── MATERIAL PROVIDED

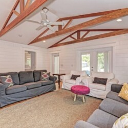 The first room you enter at The Beach Cottage is a large screened in porch with plenty of seating for relaxing, reading a book, drinking your morning coffee, or your glass of wine after dinner. From the screened in porch you enter the large family room complete with comfy couches for an entertaining family game or movie night. The Beach Cottage is equipped with a large gourmet kitchen with state of the art appliances. Right outside of the kitchen is a gas Weber grill to maybe enjoy your fresh catch of the day next to your private heated pool. There are two master bedrooms, both with king size beds. One of the master bedrooms has its own private bathroom while the other has a pocket door to the shared bathroom. The kids room, which sleeps four, has custom built bunk beds complete with reading lights and book shelves. Each of the bedrooms have smart TVs.
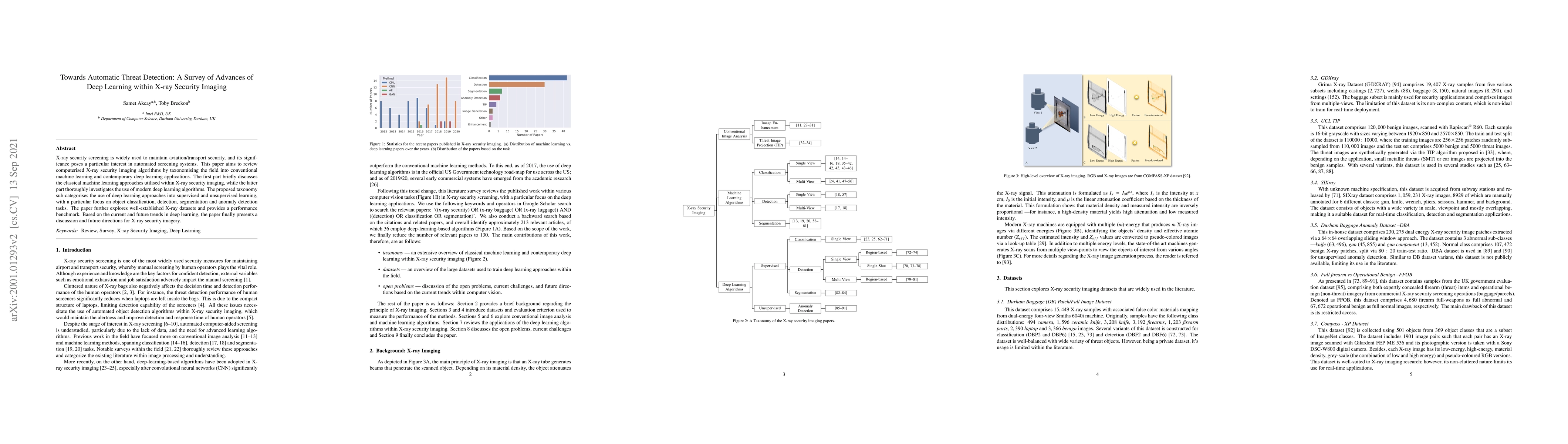 The paper presents a taxonomy of conventional and deep learning algorithms in X-ray security imaging, providing a detailed review and comparison of their performance.
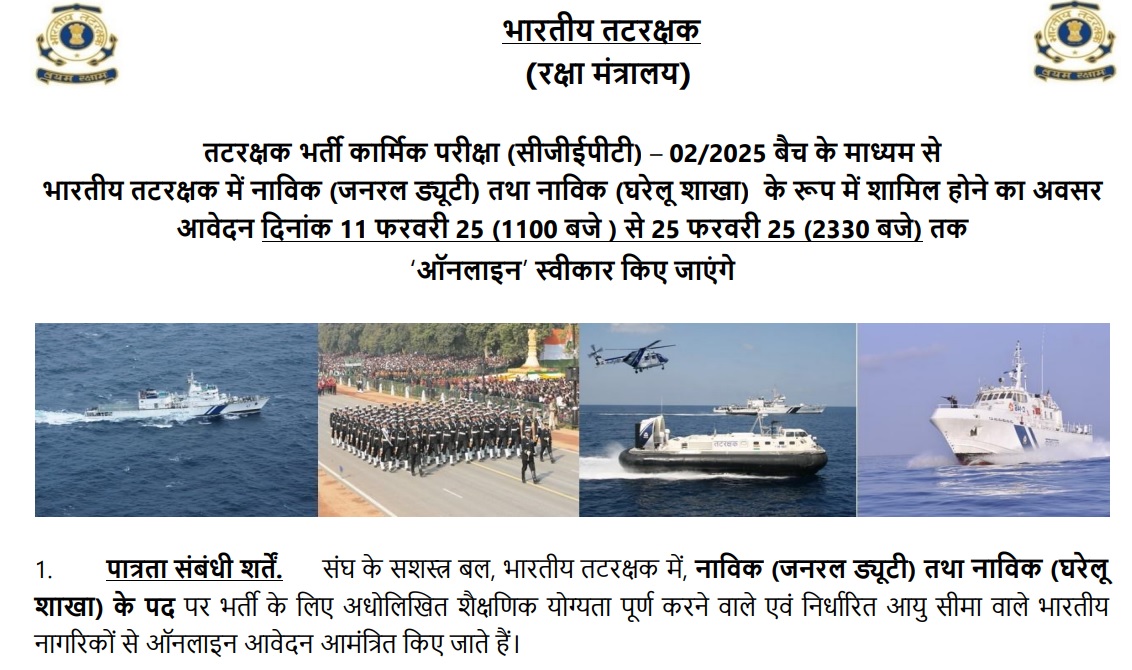 भारतीय तटरक्षक बल की ओर से Indian Coast Guard CGEPT- 02/ 2025 के लिए आवेदन प्रक्रिया शुरू कर दी गई है जो निर्धारित अंतिम तिथि 25 फरवरी 2025 तक जारी रहेगी। जो भी अभ्यर्थी नाविक जनरल ड्यूटी एवं नाविक डोमेस्टिक ब्रांच पदों के लिए पात्रता पूरी करते हैं वे तय तिथियों के अंदर ऑनलाइन माध्यम से फॉर्म भर सकते हैं।
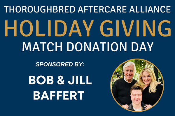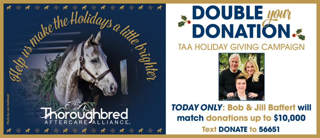 To culminate the Thoroughbred Aftercare Alliance (TAA)’s month-long Holiday Giving Campaign, Bob and Jill Baffert have pledged to match all donations up to $10,000 made to the TAA on Dec. 31, 2022. Not only does New Year’s Eve mark the end of the TAA’s holiday fundraiser, but the Baffert’s $10K match donation is the largest of the campaign. Every donation made to the TAA this Saturday will be matched dollar-for-dollar by Bob and Jill Baffert up to $10K, meaning you could help raise $20,000 towards the care of thousands of retired racehorses across North America.
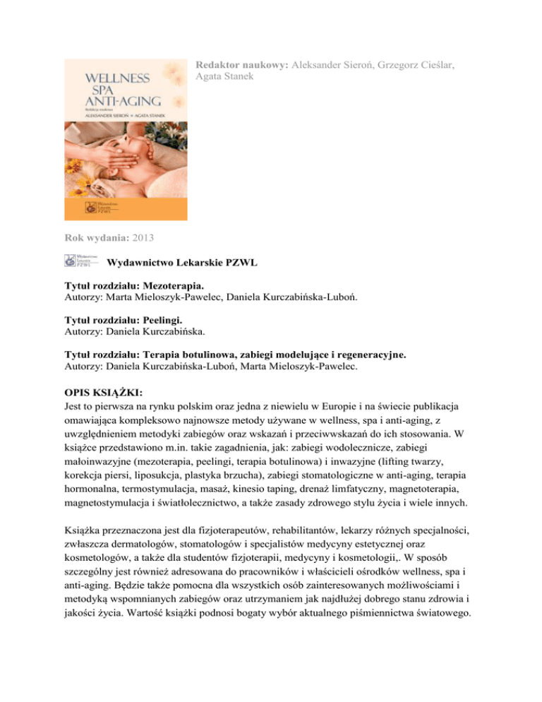 Redaktor naukowy: Aleksander Sieroń, Grzegorz Cieślar, Agata Stanek Rok wydania: 2013 Wydawnictwo Lekarskie PZWL Tytuł rozdziału: Mezoterapia. Autorzy: Marta Mieloszyk-Pawelec, Daniela Kurczabińska-Luboń. Tytuł rozdziału: Peelingi. Autorzy: Daniela Kurczabińska. Tytuł rozdziału: Terapia botulinowa, zabiegi modelujące i regeneracyjne. Autorzy: Daniela Kurczabińska-Luboń, Marta Mieloszyk-Pawelec. OPIS KSIĄŻKI: Jest to pierwsza na rynku polskim oraz jedna z niewielu w Europie i na świecie publikacja omawiająca kompleksowo najnowsze metody używane w wellness, spa i anti-aging, z uwzględnieniem metodyki zabiegów oraz wskazań i przeciwwskazań do ich stosowania. W książce przedstawiono m.in. takie zagadnienia, jak: zabiegi wodolecznicze, zabiegi małoinwazyjne (mezoterapia, peelingi, terapia botulinowa) i inwazyjne (lifting twarzy, korekcja piersi, liposukcja, plastyka brzucha), zabiegi stomatologiczne w anti-aging, terapia hormonalna, termostymulacja, masaż, kinesio taping, drenaż limfatyczny, magnetoterapia, magnetostymulacja i światłolecznictwo, a także zasady zdrowego stylu życia i wiele innych. Książka przeznaczona jest dla fizjoterapeutów, rehabilitantów, lekarzy różnych specjalności, zwłaszcza dermatologów, stomatologów i specjalistów medycyny estetycznej oraz kosmetologów, a także dla studentów fizjoterapii, medycyny i kosmetologii,. W sposób szczególny jest również adresowana do pracowników i właścicieli ośrodków wellness, spa i anti-aging. Będzie także pomocna dla wszystkich osób zainteresowanych możliwościami i metodyką wspomnianych zabiegów oraz utrzymaniem jak najdłużej dobrego stanu zdrowia i jakości życia. Wartość książki podnosi bogaty wybór aktualnego piśmiennictwa światowego.
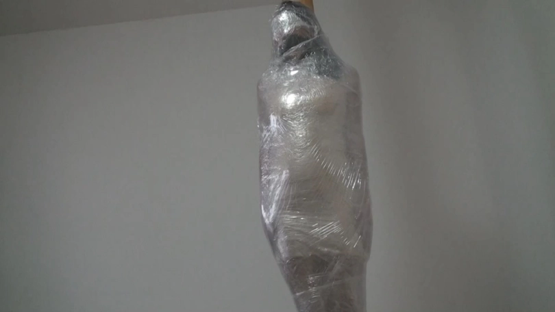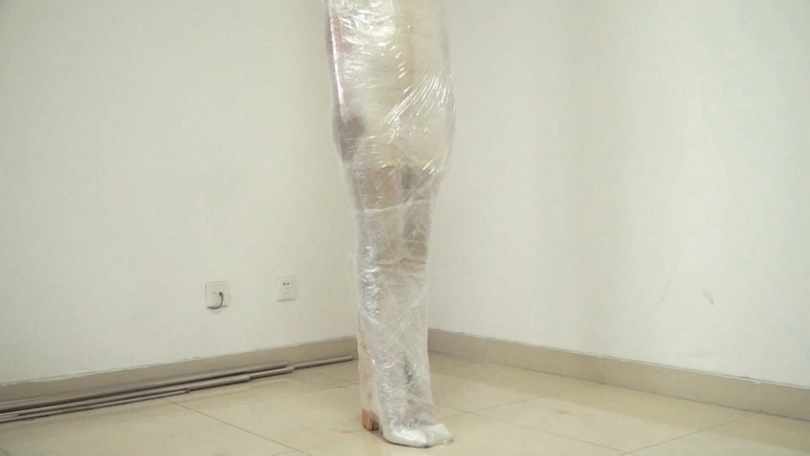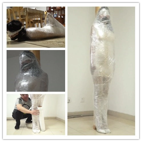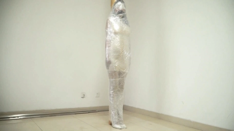 林丹丹被保鲜膜全包着,连身子都无法转动。
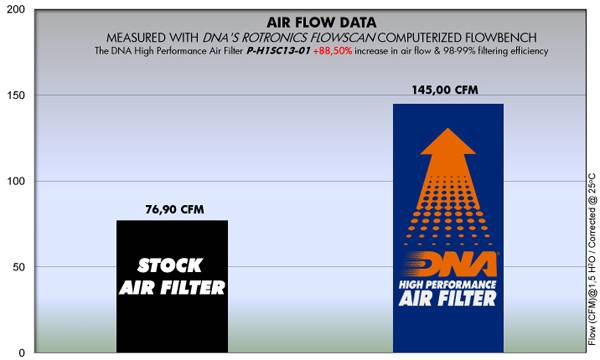 - The flow of this DNA Fcd filter is high, 88.50% more than the Honda stock paper filter!
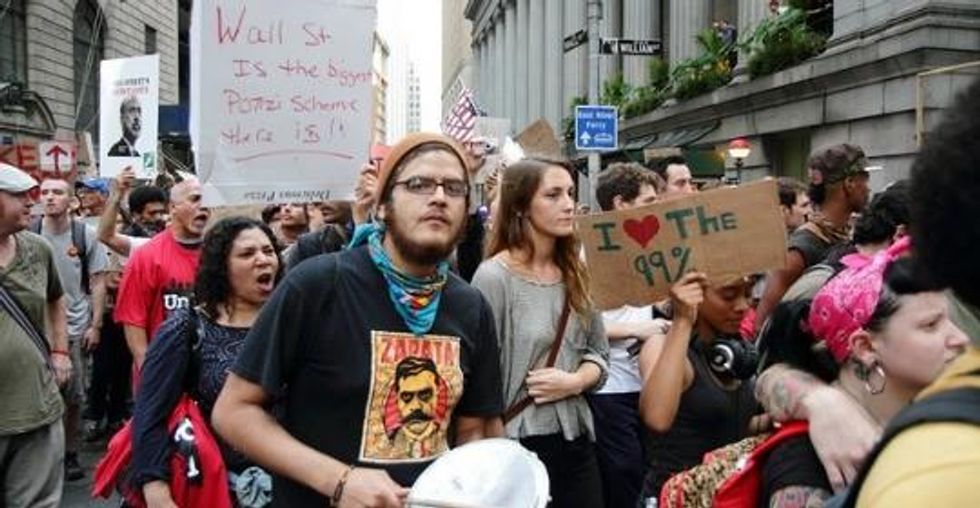 Among the major findings of the study is the overwhelming emphasis of the various Occupy projects on "public communication" rather than particular issue-based campaigns. This is a valuable reminder of the ways in which the dominant nature of Occupy Wall Street was, generally speaking, one of a public performance rather than a platform for long-term organizing. And it was in precisely those terms that it was wildly successful -- "changing the conversation," putting wealth inequality on the discursive map, making "the 99%" and "the 1%" into universally recognized political signifiers.
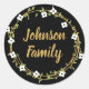 Christmas holiday stickers with our a pretty laurel wreath of gold, white, and green on a black background. You can easily customize these name stickers with your last name before ordering with fancy gold cursive text!
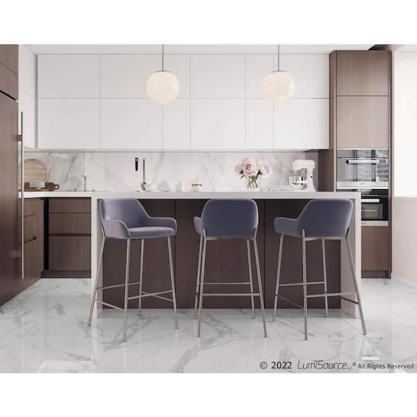 Daniella 38 in. Fixed Height Silver Velvet and Chrome Bar Stool (Set of 2)
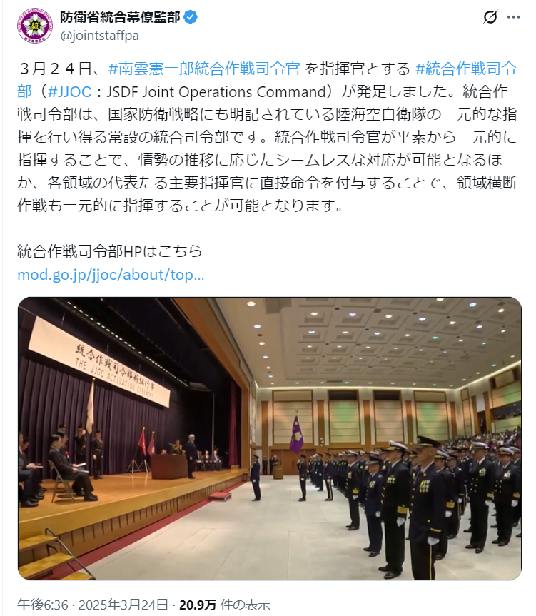 防衛省統合幕僚監部@jointstaffpa
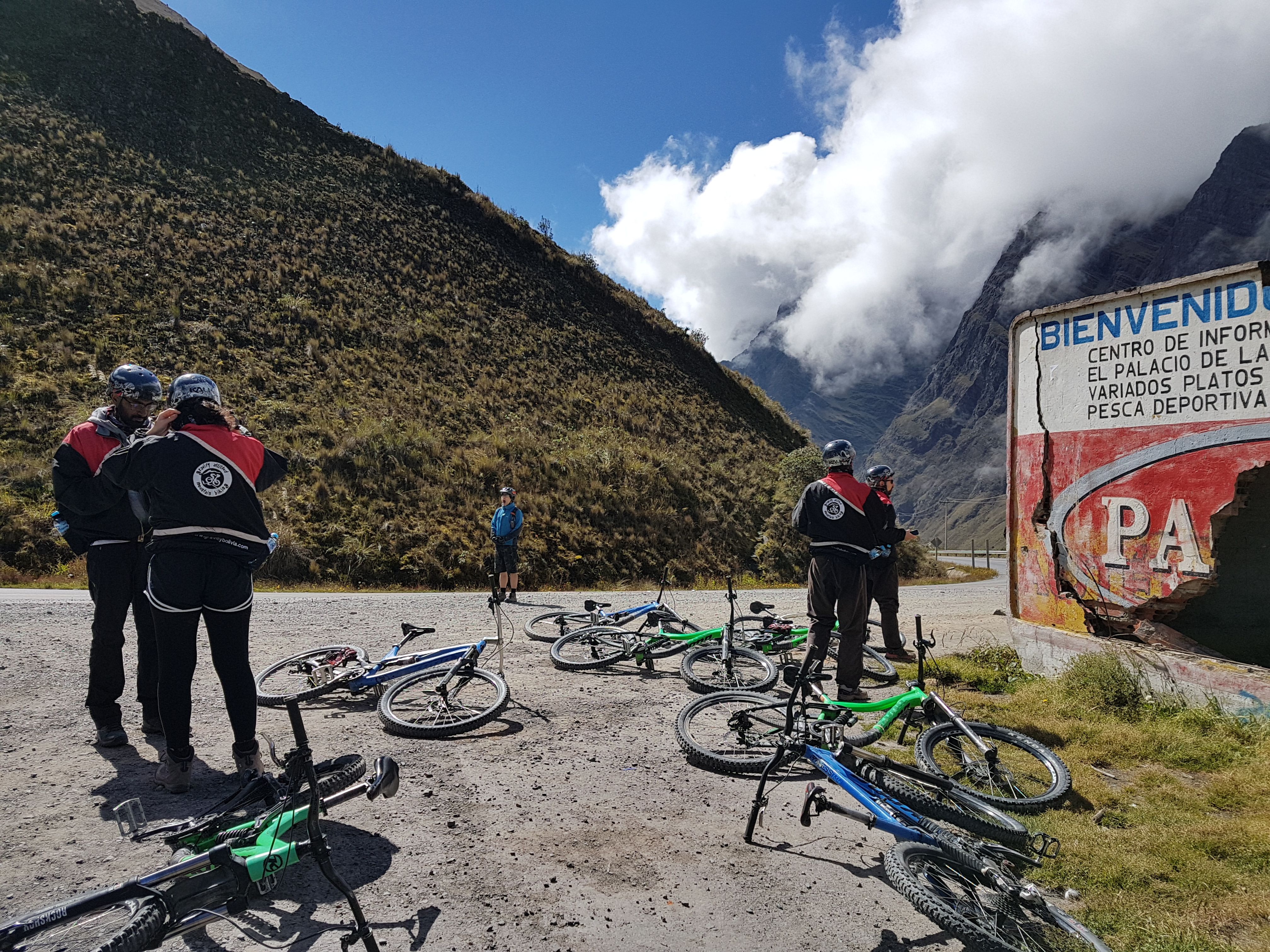 Avec 10 autres touristes, 2 guides anglophones et 1 chauffeur, on part de La Paz en minibus – les vélos sur le toit – et on fait un premier arrêt à La Cumbre (à environ 1h de route) où l’on se familiarise avec le matériel sur une route bitumée.

────

### DIRECTIONS
Pictures are to be left out. Write out only the lines above starting at the one with "The paper presents" and ending at the one with "To culminate the", both lines included, exactly.

### YOUR SOLUTION
 The paper presents a taxonomy of conventional and deep learning algorithms in X-ray security imaging, providing a detailed review and comparison of their performance.
 भारतीय तटरक्षक बल की ओर से Indian Coast Guard CGEPT- 02/ 2025 के लिए आवेदन प्रक्रिया शुरू कर दी गई है जो निर्धारित अंतिम तिथि 25 फरवरी 2025 तक जारी रहेगी। जो भी अभ्यर्थी नाविक जनरल ड्यूटी एवं नाविक डोमेस्टिक ब्रांच पदों के लिए पात्रता पूरी करते हैं वे तय तिथियों के अंदर ऑनलाइन माध्यम से फॉर्म भर सकते हैं।
 To culminate the Thoroughbred Aftercare Alliance (TAA)’s month-long Holiday Giving Campaign, Bob and Jill Baffert have pledged to match all donations up to $10,000 made to the TAA on Dec. 31, 2022. Not only does New Year’s Eve mark the end of the TAA’s holiday fundraiser, but the Baffert’s $10K match donation is the largest of the campaign. Every donation made to the TAA this Saturday will be matched dollar-for-dollar by Bob and Jill Baffert up to $10K, meaning you could help raise $20,000 towards the care of thousands of retired racehorses across North America.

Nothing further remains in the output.